7-Eleven fallout: what are the moral obligations on franchisors?

The 7-Eleven franchise group is facing allegations of underpaying staff. AAP/Dan Peled

Franchisors have black and white legal requirements to their franchisees - but do they have a wider moral obligation to them and their staff?

Revelations by Fairfax Media and the ABC’s Four Corners program of 7-Eleven franchisees manipulating employment records and underpaying staff are now being investigated by the Fair Work Ombudsman. The 7-Eleven franchisor has also announced its own independent review headed by former ACCC chairman Allen Fels, to examine the claims, but further media reports have detailed “town hall style” meetings of franchisees and plans of a potential class action.

This case has put the franchising model under the public spotlight, particularly the perceived unfair financial pressures placed on franchisees and, in turn, their staff, to ensure profitable and viable businesses.

Australia has one of the most regulated franchising sectors in the world. The mandatory Franchising Code of Conduct aims to provide a level playing field among franchisees and franchisors. When disputes occur, the Office of the Franchising Mediation Advisor may assist with dispute resolution. But beyond this legal framework how does a franchisor’s moral compass guide their behaviour?

The common defence of franchisors facing such criticism is that the franchisees carry their brand but are independent businesses, and therefore the franchisor is not to blame. Franchisors can claim that they were at all times acting within the Franchising Code of Conduct and in line with their Franchise Agreements and disclosures. How franchisees have acted in their role as businesses and employers is really a matter for them.

While this is true to the letter of the law, will it be enough when a brand is in crisis? Are there wider moral obligations incumbent upon franchisors? Should they go beyond the minimum legal requirements to show leadership in setting the direction and culture for those who are now ambassadors for their brand?

Many franchisors do take this role very seriously and while providing “above and beyond” assistance to franchisees may not be a legal obligation, it does make good business sense. These franchisors pro-actively support all aspects of their franchisees’ operations, not just the core components of their “franchise system” but also the wide range of associated business tasks that a franchisee must manage.

Franchise agreements are, by necessity, “incomplete” contracts to allow maximum flexibility in a dynamic business environment. Whilst franchise agreements specify the legal obligations between franchisors and franchisees and their staff of minimum workplace terms and conditions required under the Fair Work Act, the “big picture” moral obligations are harder to define and measure. But this does not mean that moral responsibility is any less important or integral to long-term sustainable success in franchising.

When things go wrong at the franchisee level, it is easy for the franchisor to say that legally “it’s not my problem”. But it IS most definitely their problem in terms of public perception of their business and brand, and also on franchisee and staff recruitment and retention.

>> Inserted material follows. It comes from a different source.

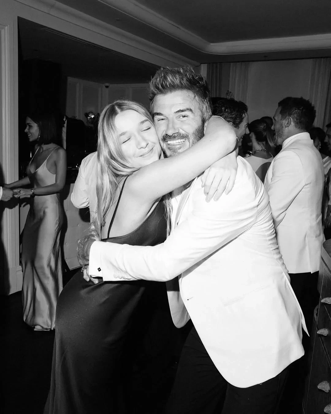 На кадрах футболист позирует в белом смокинге вместе с женой и младшими детьми: 22-летним Ромео, 20-летним Крузом и 13-летней Харпер, а также танцует и веселится с друзьями. Виктория для вечера выбрала белое асимметричное платье, а Харпер надела красное платье-комбинацию.

By continually monitoring, encouraging and supporting franchisees, from start-up to exit, franchisors are investing in the future health and sustainability of their brand, which is their business equity. By promoting and achieving best practice at every level, they are leading with strength, integrity and transparency and creating the governance standards to ensure a robust and sustainable franchise brand. After all, franchisees place a great deal of trust in their franchisor, sometimes investing their life savings in the franchise, and so they deserve the franchisor’s respect.

This commitment to ongoing leadership and education by franchisors is even more crucial in a franchise network where a large number of franchisees and their staff may come from culturally diverse backgrounds and may not be familiar with the concept of statutorily legislated minimum wages and conditions and structured workplace agreements.

The question of the moral obligation exhibited by franchisors stems back to how they view their corporate responsibility, and if the core values of their business extends beyond profits to care for the workplace and personal well-being of everyone involved with the organisation.

The Fair Work Ombudsman has said it expects franchisors to take more responsibility and pay greater attention to workplace compliance by their franchisees.

It is also worth noting that the Fair Work Ombudsman encourages Proactive Compliance Deeds for businesses to better understand and comply with workplace laws, and to avoid more adversarial measures such as litigation. There is no legal requirement to undertake these deeds, but businesses benefit from improved training, systems, communication, self-auditing and self-resolution and set the standards of best practice for their franchisees and their staff to observe and follow.

A number of franchise groups - including Retail Zoo, Dominos, McDonald’s and Red Rooster - have signed up to this program, showing there is scope in franchising to go beyond what is legally required by demonstrating a moral obligation to promoting ethical corporate behaviour and being an employer of choice.